L. Doctorow „Umysł Andrew”

Na omawianą książkę trafiłem przypadkowo; podczas rutynowych, cosobotnich zakupów w popularnym markecie. Zgodnie ze swoim przyzwyczajeniem od razu po wejściu do budynku skierowałem swoje kroki do kosza z przecenionymi książkami. Moją uwagę przyciągnęła cieniutka książka w czerwonej okładce z opuszczoną, zasępioną ludzką twarzą. Mimo tego, iż nie znałem autora a sam tytuł nic mi nie mówił, trzymany przeze mnie wolumin miał w sobie coś magnetyzującego.

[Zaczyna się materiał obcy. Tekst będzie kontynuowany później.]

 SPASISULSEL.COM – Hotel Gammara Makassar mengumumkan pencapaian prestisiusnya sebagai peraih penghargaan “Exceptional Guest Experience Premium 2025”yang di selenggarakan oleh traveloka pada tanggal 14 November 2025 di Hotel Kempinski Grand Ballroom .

Nie zastanawiając się, więc, zakupiłem intrygujący tomik, który jak się później okazało, zmienił moje postrzeganie świata; udowadniając tym samym, że „Powieści uznane za najwybitniejsze leżą na ulicy niemal za darmo.” Mimo jedynie 174 stron „Umysł Andrew” jest niesamowicie ciężkim do streszczenia czy też opisania utworem. Pisany prozą, swoim pięknem wydaje się być poezją w najczystszej postaci. Na pierwszy rzut oka książka opisuje życie tytułowego Andrew, wykładowcy w średnim wieku oraz jego nieszczęśliwych małżeństw; fikcja miesza się z rzeczywistymi wydarzeniami, jak np. słynny zamach terrorystyczny z 2001 roku a „Boży Głupiec” usilnie stara się wtopić w otoczenie nie wyrządzając nikomu krzywdy. Nieszczęścia sprowadzane przez Andrew są osią wydarzeń, wokół których kręci się cała fabuła. Nie jest to jednak fantastyka lub horror a bohater nie jest pierwszym lepszym nauczycielem. Dlatego też protagonista snuje rozważania nad sensem życia oraz przypadkowością napotykanych przeciwności losu. Nie ma tutaj miejsca na teoretyczne rozważania domorosłego filozofa, mamy, bowiem do czynienia z kognitywistą usiłującym wytłumaczyć każde swoje działanie, myśl. Z każdą przeczytaną stroną coraz głębiej wnikamy w psychikę bohatera i zatapiamy się w jego walce z własnym umysłem. Zakończenie nie daje nam jednak żadnych oczywistych odpowiedzi, co więcej zostawia nas z jeszcze większa ilością pytań oraz przynajmniej w moim przypadku skłania do głębokich refleksji na temat życia, cierpienia, miłości, jestestwa.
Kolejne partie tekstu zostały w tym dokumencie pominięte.